O plano de construção da matriz teve de ser adiado. É que, em 1926, chegou a São Gonçalo uma comitiva de autoridades de Ouricuri, à frente o Dr. Joaquim José de Caldas Rocha, Juiz de Direito, para traçar com os representantes locais a demarcação da antiga Fazenda São Gonçalo e dos valados da Serra do Araripe. Pe. Luiz ainda resistiu à medida, ponderando sua inoportunidade, em face da situação de pobreza dos são gonçalenses. Os representantes de Ouricuri não se sensibilizaram e procedeu-se então a demarcação. Coube ao patrimônio de Nossa Senhora da Conceição, padroeira de fato da Paróquia, toda área onde está situada a Cidade, num total de 1.267.490 km2, com os títulos no valor de vinte e nove contos e oitocentos mil réis.
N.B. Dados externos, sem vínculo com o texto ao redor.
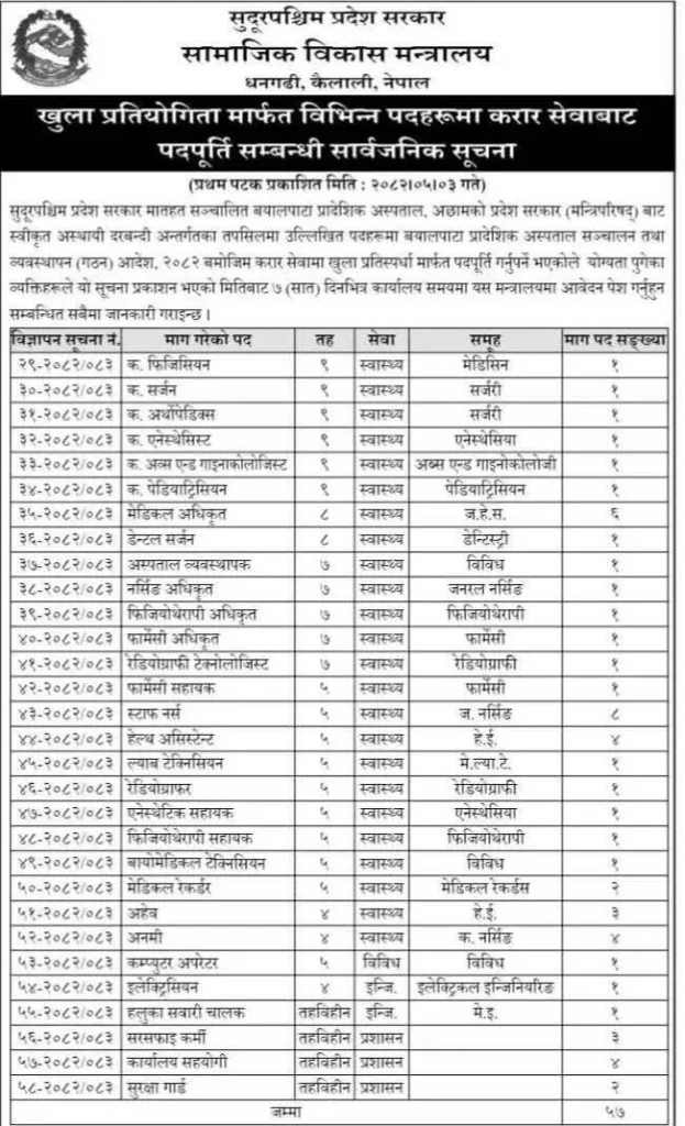 The Ministry of Social Development, Sudurpashchim Province, has announced an open competition for various health and administrative posts at Bayalpata Provincial Hospital, Achham. Eligible Nepali citizens are invited to apply within the deadline.

Alguns moradores tiveram de vender seus bens, para pagamento das custas da demarcação. Pe. Luiz para não sacrificar mais ainda a população, adiou o seu plano de construção da matriz.

Em 1950, Pe. Luiz foi afetado por uma doença nas cordas vocais e ficou parcialmente privado da fala. Não podendo mais fazer seus sermões, com aquela voz forte e vigorosa de antigamente, deixou a Paróquia que dirigiu por quase 30 anos e retirou-se para a Ordem da Sagrada Família. Faleceu com a idade de 89 anos, na cidade de Patu (RN), em dezembro de 1984.